Lawyer for the Boston Strangler, Patty Hearst, OJ Simpson worked with theatrical flair
The New York Times report that celebrity lawyer F. Lee Bailey, the criminal lawyer who invited juries into the twilight zone of reasonable doubt in defense of Patricia Hearst, O.J. Simpson, the Boston Strangler, the army commander at the My Lai Massacre in Vietnam and other notorious cases, died on Thursday in Atlanta. He was 87.
His son Bendrix confirmed the death, in hospice care, but did not specify the cause. He said his father had been in poor health in recent years and living in Georgia to be near another son, Scott.

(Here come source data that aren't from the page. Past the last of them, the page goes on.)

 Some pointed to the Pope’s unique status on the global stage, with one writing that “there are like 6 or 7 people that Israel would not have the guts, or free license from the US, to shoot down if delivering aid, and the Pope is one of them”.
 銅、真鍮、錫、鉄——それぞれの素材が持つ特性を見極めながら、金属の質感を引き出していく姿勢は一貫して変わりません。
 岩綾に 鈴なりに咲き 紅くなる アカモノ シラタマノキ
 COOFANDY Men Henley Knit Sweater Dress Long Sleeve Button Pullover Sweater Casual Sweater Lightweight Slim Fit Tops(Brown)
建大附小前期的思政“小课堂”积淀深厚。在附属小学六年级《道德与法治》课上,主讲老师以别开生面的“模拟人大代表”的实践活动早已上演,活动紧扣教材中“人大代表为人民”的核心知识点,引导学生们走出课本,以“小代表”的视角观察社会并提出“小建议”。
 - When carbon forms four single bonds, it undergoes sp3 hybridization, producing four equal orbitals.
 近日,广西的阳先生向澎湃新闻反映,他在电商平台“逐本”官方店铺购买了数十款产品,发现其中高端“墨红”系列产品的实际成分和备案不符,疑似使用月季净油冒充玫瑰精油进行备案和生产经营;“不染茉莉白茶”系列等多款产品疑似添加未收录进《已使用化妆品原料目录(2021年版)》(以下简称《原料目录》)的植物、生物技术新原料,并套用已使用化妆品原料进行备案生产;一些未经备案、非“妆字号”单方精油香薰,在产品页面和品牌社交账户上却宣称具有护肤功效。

Bailey flew warplanes, sailed yachts, dropped out of Harvard, wrote books, touted himself on television, was profiled in countless newspapers, ran a detective agency, married four times, carried a gun, took on seemingly hopeless cases and courted trouble, including professionally.

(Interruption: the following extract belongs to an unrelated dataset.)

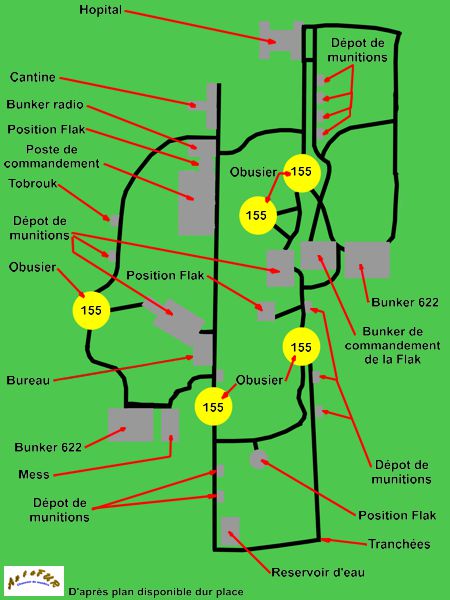 Au sud-ouest du village de Grandcamp-Maisy, les Allemands construisirent en 1942/1943 deux batteries d'artillerie dénommés WN83 et WN84. La WN84, qui fut construite en premier, comprenait 4 canons de 100 d'origine tchèque dans des encuvements et 2 canons de 75 antiaériens (Flak). Par la suite, les encuvements furent remplacés par des casemates pour canons de type H612 (3 seulement furent achevés). La WN84 comprenait également 5 tobrouks de type VF58c et un abri pour deux compagnies de type R622. Le WN84 fut réuni avec la WN83 par un même champ de barbelés et de mine.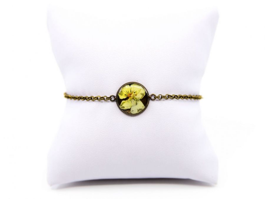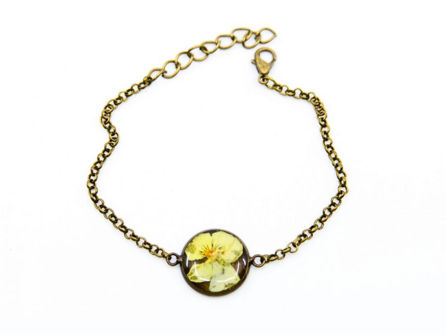 Delikatna, osadzona na łańcuszku bransoletka, której główny element ozdobny stanowi ręcznie wykonany kaboszon z żywicy epoksydowej. W jego wnętrzu zatopiony jest prawdziwy suszony kwiat - żółty bratek. Oryginalny, niepowtarzalny wzór!

During his career, he was charged with perjury and contempt of court. He was disbarred in Florida in 2001 and in Massachusetts two years later. In 2016 he filed for bankruptcy in Maine.

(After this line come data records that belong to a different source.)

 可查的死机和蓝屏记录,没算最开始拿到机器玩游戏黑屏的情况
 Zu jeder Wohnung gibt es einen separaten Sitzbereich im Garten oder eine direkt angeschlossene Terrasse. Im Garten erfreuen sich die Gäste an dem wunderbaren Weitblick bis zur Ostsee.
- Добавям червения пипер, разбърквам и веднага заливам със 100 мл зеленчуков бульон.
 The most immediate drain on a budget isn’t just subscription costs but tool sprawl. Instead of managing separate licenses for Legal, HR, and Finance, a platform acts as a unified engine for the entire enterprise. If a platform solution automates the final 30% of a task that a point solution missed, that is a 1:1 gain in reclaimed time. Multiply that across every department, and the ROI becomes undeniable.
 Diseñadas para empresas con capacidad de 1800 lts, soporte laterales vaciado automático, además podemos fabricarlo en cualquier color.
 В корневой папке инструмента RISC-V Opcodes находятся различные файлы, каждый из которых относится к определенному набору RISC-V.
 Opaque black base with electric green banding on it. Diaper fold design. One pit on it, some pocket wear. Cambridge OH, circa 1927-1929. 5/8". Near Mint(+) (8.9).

Bailey became a true legendary lawyer to an entire generation. He had a colorful life and added a drama to his courtroom presentation – an audacious, larger-than-life defender in the traditions of Clarence Darrow and Edward Bennett Williams, producing lawyerly entertainment long before Court TV or reality television shows, The Times reported.
As part of the ‘dream team’ representing footballer OJ Simpson in a trial that held America and much of the Western world spellbound.
His cross-examination of a Los Angeles detective who investigated the murder of Simpson’s wife was seen as a key factor in securing a not guilty verdict. Mr Bailey argued without success that the detective had planted a crucial piece of evidence, a bloodstained glove.
However, he undermined the detective’s credibility with recordings that destroyed his claim not to have used racial slurs.
Headline Cases
But his lengthy career involved numerous major cases that made headlines.
In 1971, Bailey successfully defended Capt Ernest Medina, who was court-martialled over the massacre of 104 people in the village of My Lai, in what was then South Vietnam.
He took on the case of Patricia Hearst, a newspaper heiress who was kidnapped in 1974, when she was just 19 years old, by a violent far-left group calling itself the Symbionese Liberation Army.
Hearst ended up taking part in armed robberies organised by the group – Bailey argued that she had been brainwashed. Although convicted and imprisoned she was subsequently pardoned by President Jimmy Carter.